1. To find the number of ways Emma can arrange her books while keeping the subject areas together, you need to use the concept of permutations.
Breaking down the problem:
- Emma has 5 math books. There are 5! (5 factorial) ways to arrange them among themselves.
- Emma has 3 English books. There are 3! ways to arrange them among themselves.
- Emma has 4 science books. There are 4! ways to arrange them among themselves.
Since Emma wants to keep the subject areas together, we need to find the number of ways Emma can arrange the three groups (math books, English books, and science books) among themselves. This can be done in 3! ways.
The correct way to calculate the total number of arrangements is by multiplying these values together: 5! * 3! * 4! * 3! = 360.
So, your initial calculation of 12!/4!3!5! was incorrect because you didn't consider the permutations within each subject area.
2. To find the number of different sums possible using a nickel, penny, and quarter, you should consider the combinations of coins that can be taken together. In this case, you can use the concept of combinations.
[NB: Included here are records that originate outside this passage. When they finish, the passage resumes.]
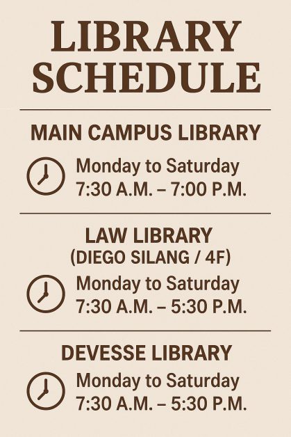 The Saint Louis University (SLU) Libraries expanded in the six-story Msgr. Charles Vath Building at the Bonifacio Campus with satellite libraries: the Devesse Library at the Maryheights Campus, and the Law Library at the Diego Silang Building.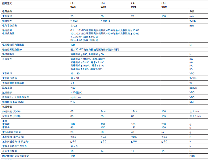 德國NOVOTECHNIK位移傳感器LS1系列產品參數: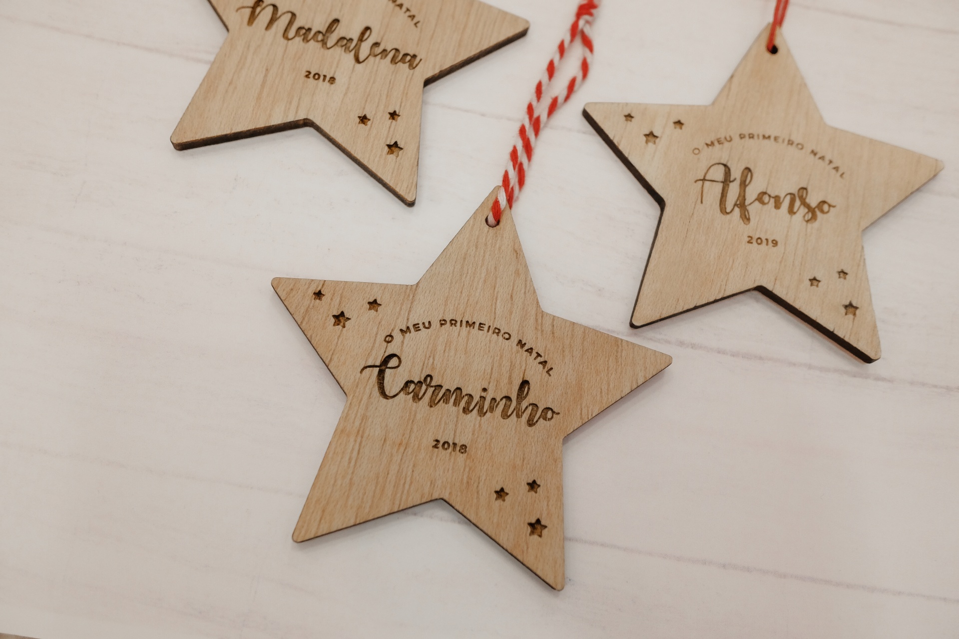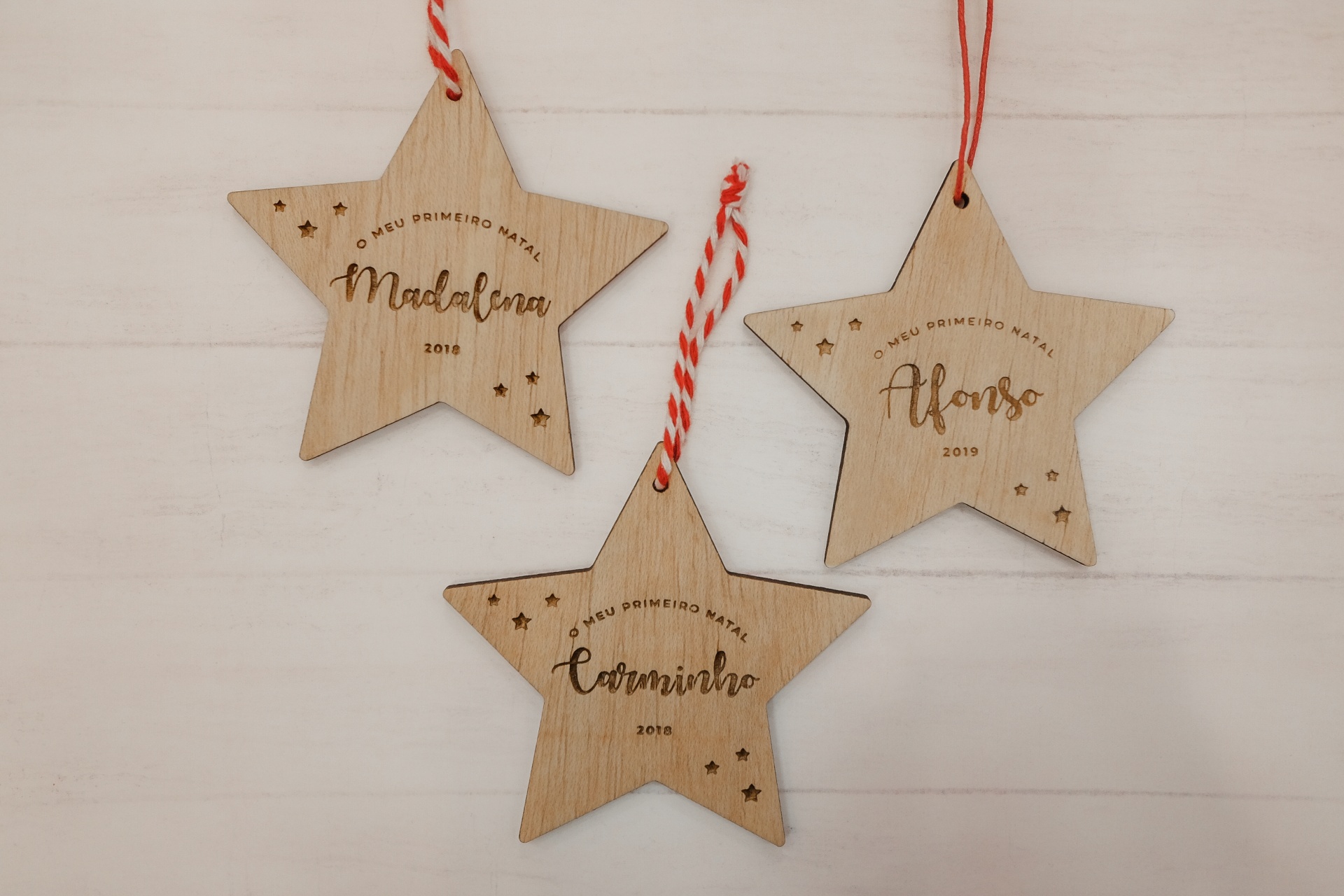 📦 Inclui: • Ornamento em forma de estrela em madeira contraplacada • Gravação “O Meu Primeiro Natal” • Personalização com nome e ano • Cordão para pendurar (se aplicável)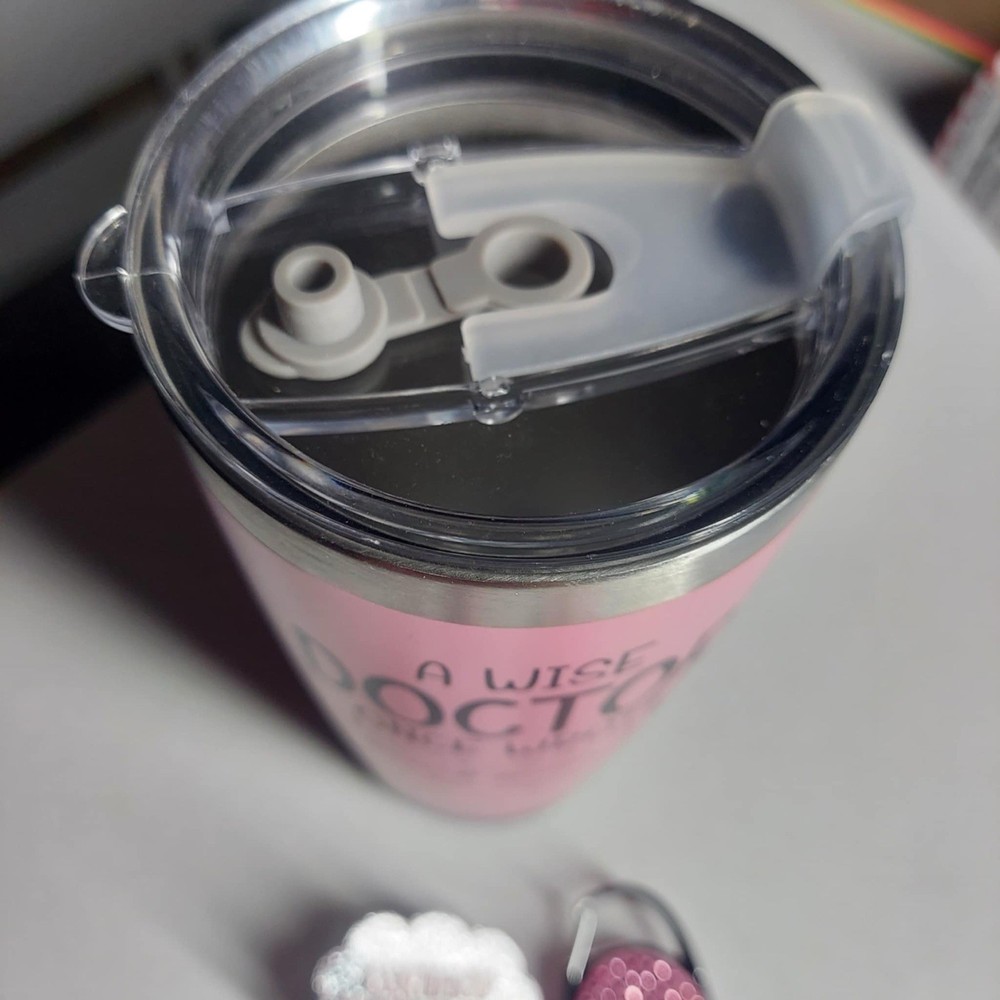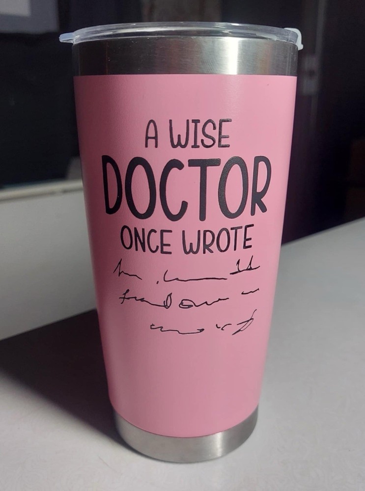 Pink "a wise doctor.." Tumbler with 2 pieces ID Badge Holders pink and "certified black cloud" Tumbler Travel Mug Personalized Tumbler A Wise Doctor Once Wrote w Tumbler Insulated Double Wall Travel Mug for Hot and Cold Stainless Tumbler with Lids and Straws Naughty Father's Day Gift for Grandpa for Home Novelty Design: With its Personalized A Wise Doctor Once Wrote w design, this tumbler mug is the perfect way to showcase your sense of humor and personality. Don't wait, grab yours today! Reliable to Apply: This tumbler with saying is made of quality stainless steel, no bad smell and reliable to use, sturdy and long lasting, not easy to rust and corrosion proof, you can use it with confidence, easy to clean and maintain, which can be applied for a long time. Perfect Gift: This cup stands out for both its functionality and funny design, making it a truly unique and unforgettable present

Breaking down the problem:
- Gordon has 3 different coins: nickel, penny, and quarter.
- Assuming he uses at least 1 coin, you need to find the number of combinations of these coins.
There are three possibilities:
- Using only one coin: This can be done in 3 ways.
- Using two coins: This can be done by selecting 2 coins out of 3, which is represented as 3C2. Calculating this combination:
- 3C2 = 3! / (2! * (3-2)!) = 3.
- Using all three coins: This can be done in 1 way.
To find the total number of different sums possible, add up the possibilities for each case: 3 + 3 + 1 = 7.
Therefore, your calculation of 3P1 * 3P1 * 3P1 was incorrect. Instead, you should calculate the combinations as explained above, resulting in an answer of 7, not 12.